■ **Task to carry out**
For the data that follows, return each line unchanged and drop the pictures.

┌─ Supplied entries

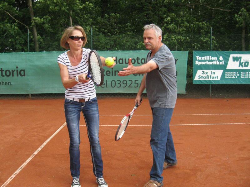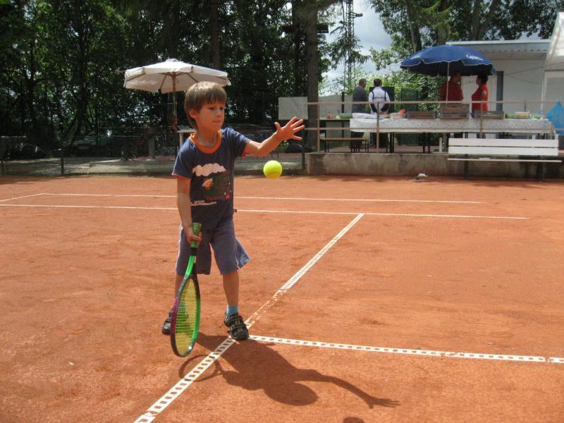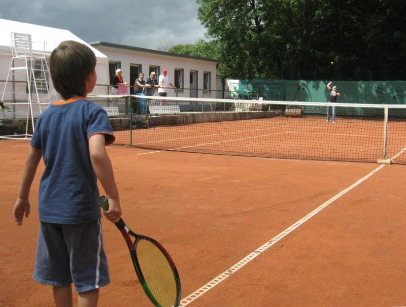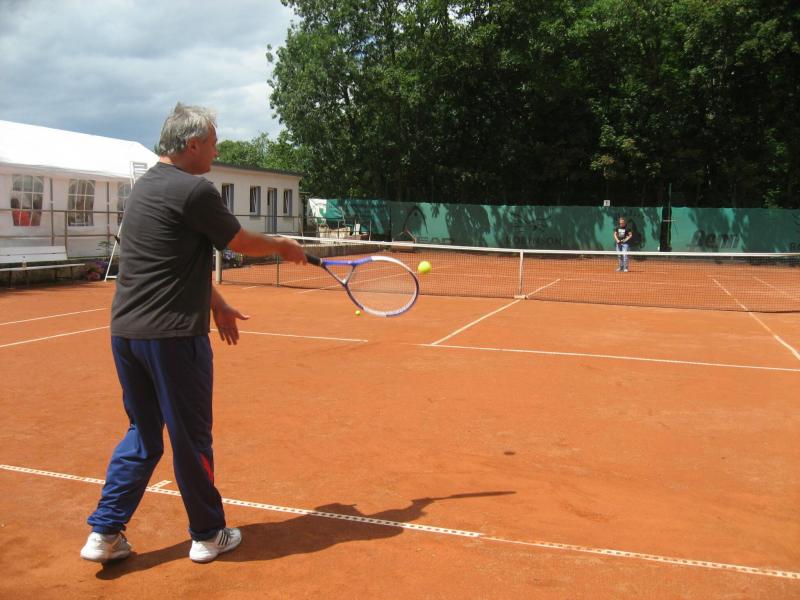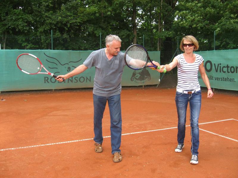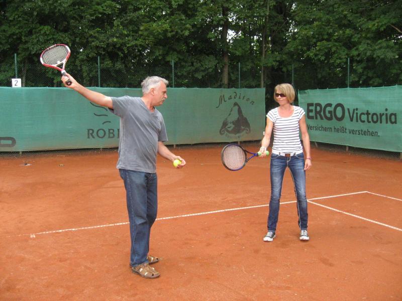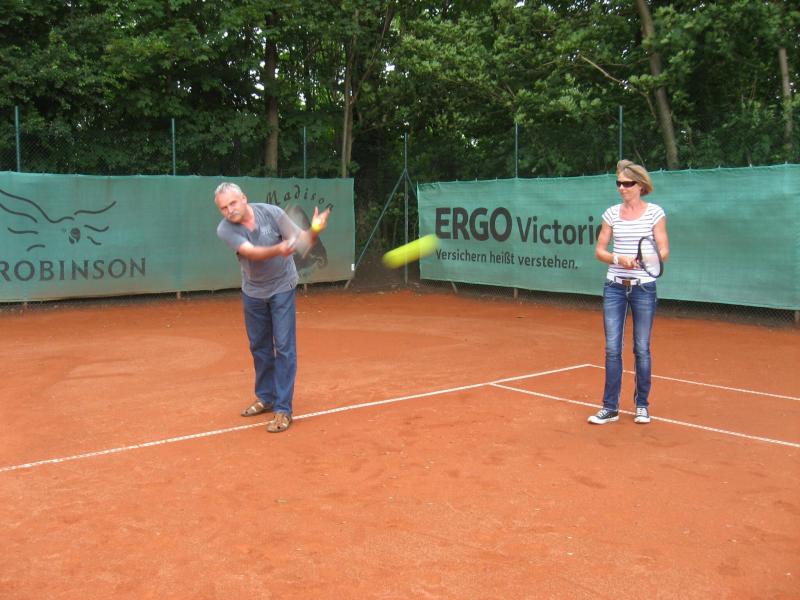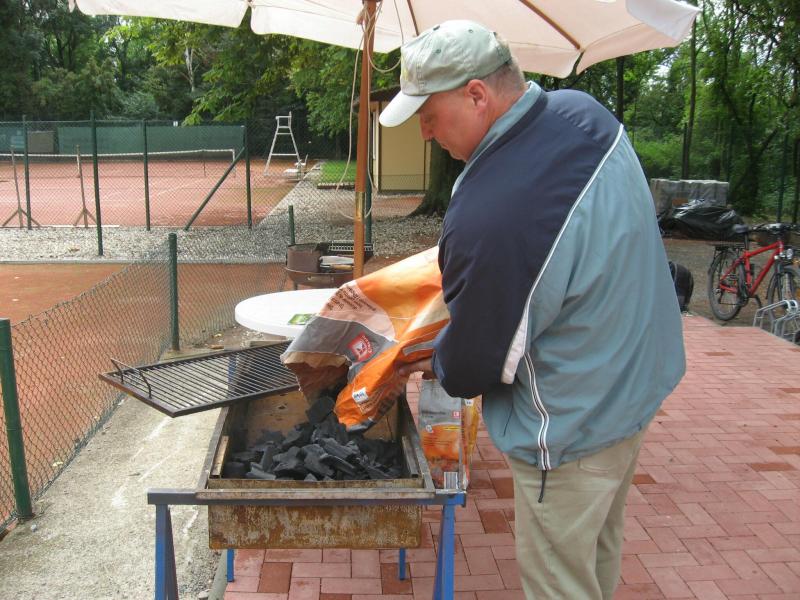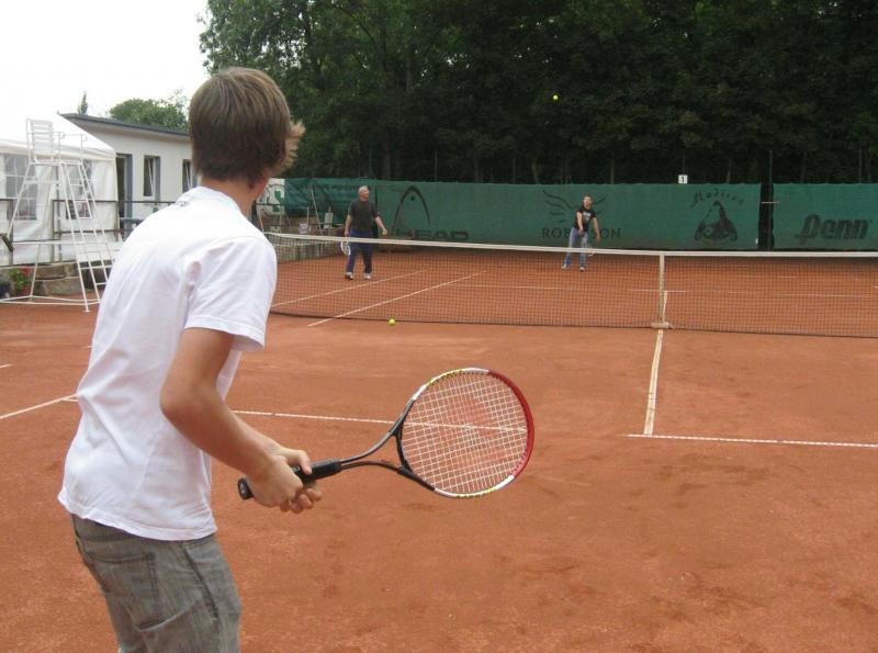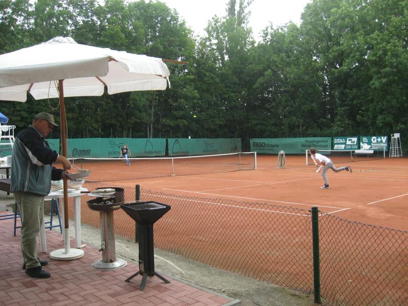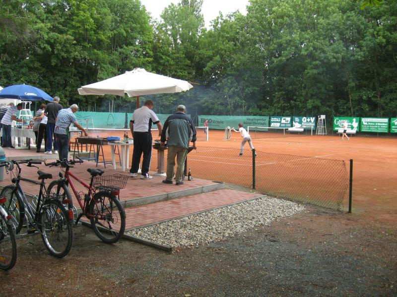 Hoch interessiert und motiviert fanden sich also Läufer und Triathleten auf den vier neu rekonstruierten Tennisplätzen ein. Vorerst bestaunte man die ebenfalls frisch sanierten Vereinsräume, waren doch die Plätze aufgrund heftiger Regenfälle noch mit großen Pfützen gespickt. Fleißige Tennisspieler waren aber bereits dabei, mit Riesenbesen die Plätze wieder bespielbar zu machen. Die Grills arbeiten dann auch bald auf Hochtouren und die Bierchen und lecker mitgebrachten Salate stimmten wohl sogar den Wettergott gnädig. Unter kompetenten Anleitungen wurde nun dem einen oder anderen Runner wohl zum ersten Mal Vor- und Rückhand erklärt. Nach ersten Aufschlagübungen und nahen Netzschlägen der Anfänger, lieferten sich Alleskönner und Profils bereits ordentliche Schmetterbälle, gekonnte Passierschläge oder Stoppbälle. Bis zum Abend hielt das rege Treiben auf den Plätzen an.
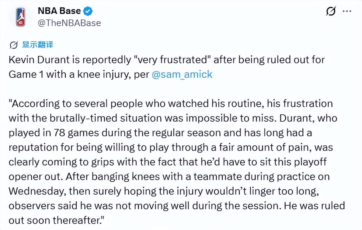 Amick报道说,赛前大约两小时,杜兰特上场尝试活动受伤的膝盖,即使不经医疗检查也能明显察觉,他伤势显著、状态很差,满脸痛苦神色。
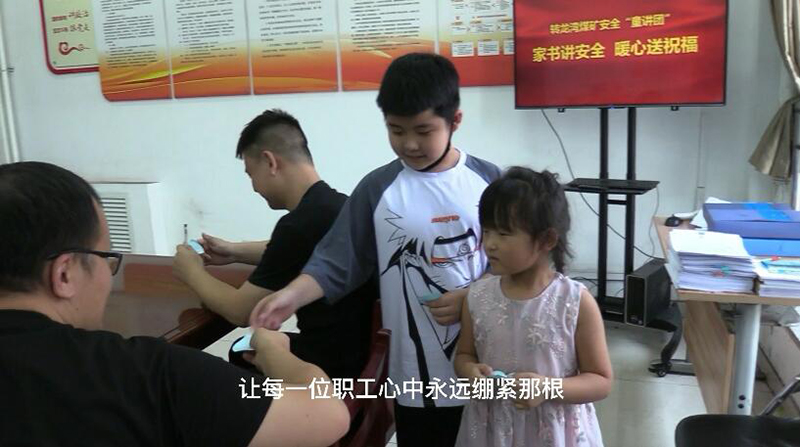 转龙湾煤矿综采工区的学习会议里传来了朗读安全家书的稚嫩童声。结合当前党史学习教育和“团结一致向前看,凝心聚力谋发展”主题教育活动的要求,该矿将安全“童讲团”融入安全宣讲,组织工区里暑期来矿探亲的小朋友开展家书讲安全、暖心送祝福活动,孩子们满怀深情,用稚嫩的童声给区队职工朗读了他们写给爸爸的安全家书,嘱咐下井的爸爸和矿工叔叔们一定要牢记“安全是全家人最大的幸福”。
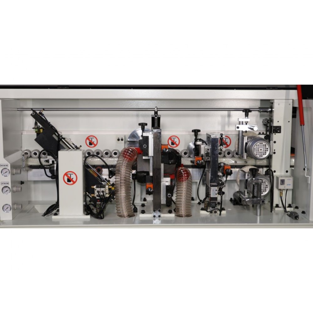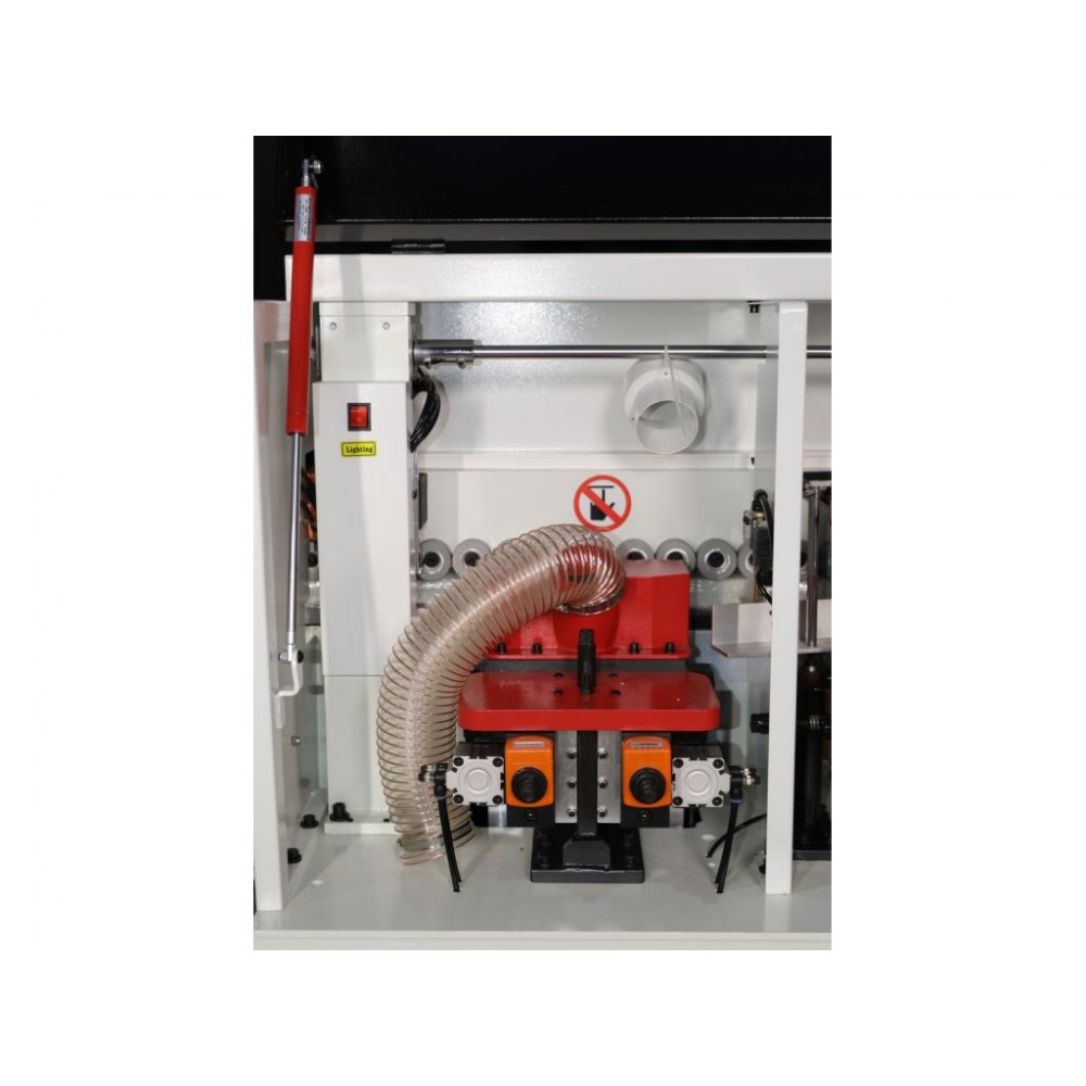 - Гумові притискні ролики, розташовані в 2 ряди, забезпечують надійну фіксацію і точне транспортування заготовок
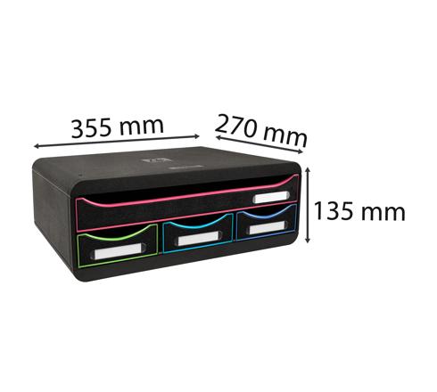 Individuele box met 4 laden, 1 lade voor documenten A4+ formaat en 3 smalle laden voor het opbergen van kleine benodigdheden. Door zijn beperkte hoogte (13,5cm) kan de Toolbox gebruikt worden als monitorstandaard, onderstel voor printer, sokkel voor koffiezetapparaat enz..
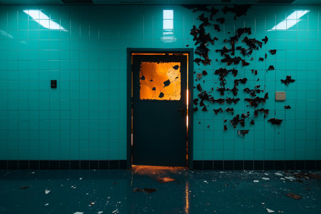 An abandoned room with turquoise tiled wall, featuring door with broken glass and fire damage. atmosphere is eerie and haunting, evoking sense of neglect and decay
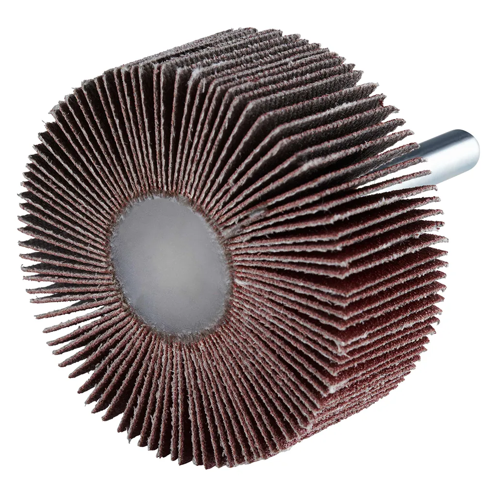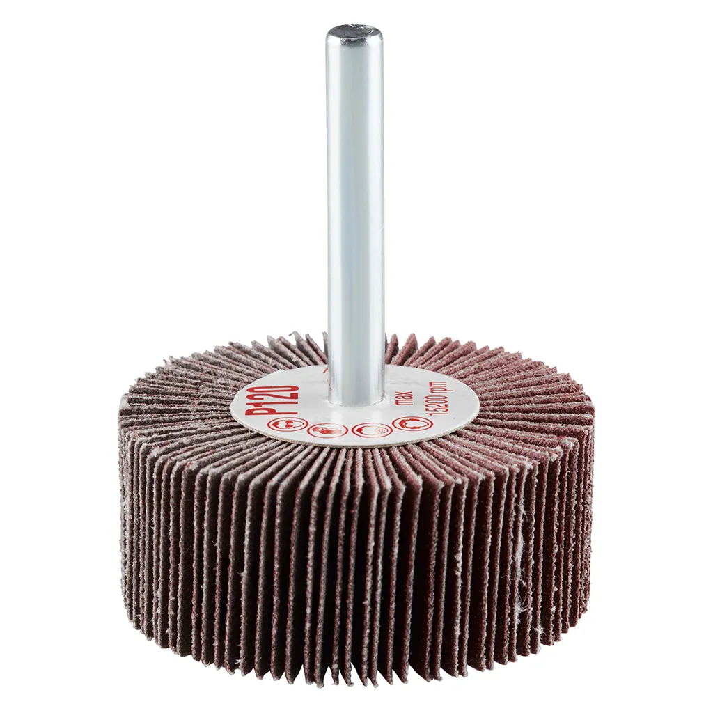 La roue à lamelles FS de RHODIUS a été conçue pour être utilisée sur les meuleuses droites ou les machines à entraînement d’arbre flexible avec logement de tige de 6 mm.
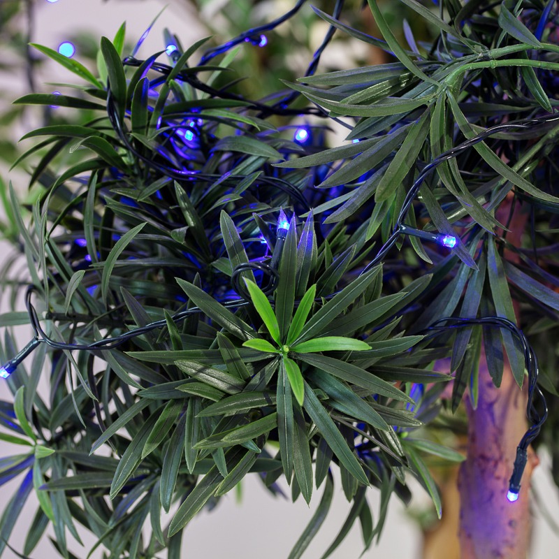 Гирлянда «Твинкл» длиной 10 метров с 80 светодиодами синего свечения идеально подходит для праздничного оформления большой новогодней ели. Диоды не нагреваются, что говорит о безопасности изделия во время использования. Провод из темно-зеленого ПВХ отлично маскируется в пушистой кроне. Длинная гирлянда универсальна и может использоваться для оформления любых интерьерных предметов. Диоды излучают яркий ровный свет, экономично расходуют электроэнергию, не теряют свои свойства в течение всего срока службы. Длинный кабель (3 метра) позволяет подключить гирлянду в нужном месте без удлинителя.
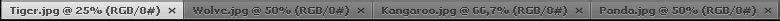Появление вкладок – одно из самых заметных и удобных нововведений Photoshop CS4. Вкладки представляют собой небольшие кнопочки, расположенные над рабочей областью (рис. 4.30). На них выведена информация о названии файла и его расширении, масштабе просмотра и цветовой модели.
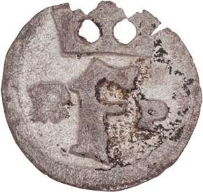 Malý peníz b.l., K.Hora, J.1b, MKČ.82, 0.268g, dírky v koruně perforovány ražbou, nepravid.okraj, patina
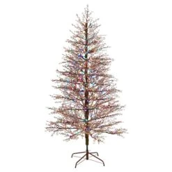7ft. Pre-Lit Frosted Berry Twig Artificial Christmas Tree, Multicolor Gum Ball LED Lights
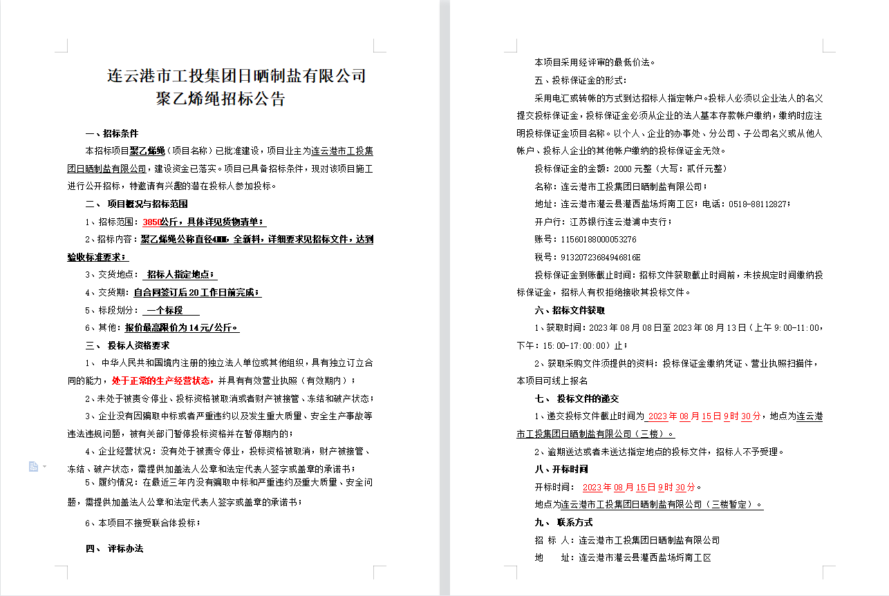 连云港市工投爱体育首页(中国)网页版日晒制盐有限公司聚乙烯绳招标公告

└─

■ **Problem solution**
 Hoch interessiert und motiviert fanden sich also Läufer und Triathleten auf den vier neu rekonstruierten Tennisplätzen ein. Vorerst bestaunte man die ebenfalls frisch sanierten Vereinsräume, waren doch die Plätze aufgrund heftiger Regenfälle noch mit großen Pfützen gespickt. Fleißige Tennisspieler waren aber bereits dabei, mit Riesenbesen die Plätze wieder bespielbar zu machen. Die Grills arbeiten dann auch bald auf Hochtouren und die Bierchen und lecker mitgebrachten Salate stimmten wohl sogar den Wettergott gnädig. Unter kompetenten Anleitungen wurde nun dem einen oder anderen Runner wohl zum ersten Mal Vor- und Rückhand erklärt. Nach ersten Aufschlagübungen und nahen Netzschlägen der Anfänger, lieferten sich Alleskönner und Profils bereits ordentliche Schmetterbälle, gekonnte Passierschläge oder Stoppbälle. Bis zum Abend hielt das rege Treiben auf den Plätzen an.
 Amick报道说,赛前大约两小时,杜兰特上场尝试活动受伤的膝盖,即使不经医疗检查也能明显察觉,他伤势显著、状态很差,满脸痛苦神色。
 转龙湾煤矿综采工区的学习会议里传来了朗读安全家书的稚嫩童声。结合当前党史学习教育和“团结一致向前看,凝心聚力谋发展”主题教育活动的要求,该矿将安全“童讲团”融入安全宣讲,组织工区里暑期来矿探亲的小朋友开展家书讲安全、暖心送祝福活动,孩子们满怀深情,用稚嫩的童声给区队职工朗读了他们写给爸爸的安全家书,嘱咐下井的爸爸和矿工叔叔们一定要牢记“安全是全家人最大的幸福”。
 - Гумові притискні ролики, розташовані в 2 ряди, забезпечують надійну фіксацію і точне транспортування заготовок
 Individuele box met 4 laden, 1 lade voor documenten A4+ formaat en 3 smalle laden voor het opbergen van kleine benodigdheden. Door zijn beperkte hoogte (13,5cm) kan de Toolbox gebruikt worden als monitorstandaard, onderstel voor printer, sokkel voor koffiezetapparaat enz..
 An abandoned room with turquoise tiled wall, featuring door with broken glass and fire damage. atmosphere is eerie and haunting, evoking sense of neglect and decay
 La roue à lamelles FS de RHODIUS a été conçue pour être utilisée sur les meuleuses droites ou les machines à entraînement d’arbre flexible avec logement de tige de 6 mm.
 Гирлянда «Твинкл» длиной 10 метров с 80 светодиодами синего свечения идеально подходит для праздничного оформления большой новогодней ели. Диоды не нагреваются, что говорит о безопасности изделия во время использования. Провод из темно-зеленого ПВХ отлично маскируется в пушистой кроне. Длинная гирлянда универсальна и может использоваться для оформления любых интерьерных предметов. Диоды излучают яркий ровный свет, экономично расходуют электроэнергию, не теряют свои свойства в течение всего срока службы. Длинный кабель (3 метра) позволяет подключить гирлянду в нужном месте без удлинителя.
Появление вкладок – одно из самых заметных и удобных нововведений Photoshop CS4. Вкладки представляют собой небольшие кнопочки, расположенные над рабочей областью (рис. 4.30). На них выведена информация о названии файла и его расширении, масштабе просмотра и цветовой модели.
 Malý peníz b.l., K.Hora, J.1b, MKČ.82, 0.268g, dírky v koruně perforovány ražbou, nepravid.okraj, patina
7ft. Pre-Lit Frosted Berry Twig Artificial Christmas Tree, Multicolor Gum Ball LED Lights
 连云港市工投爱体育首页(中国)网页版日晒制盐有限公司聚乙烯绳招标公告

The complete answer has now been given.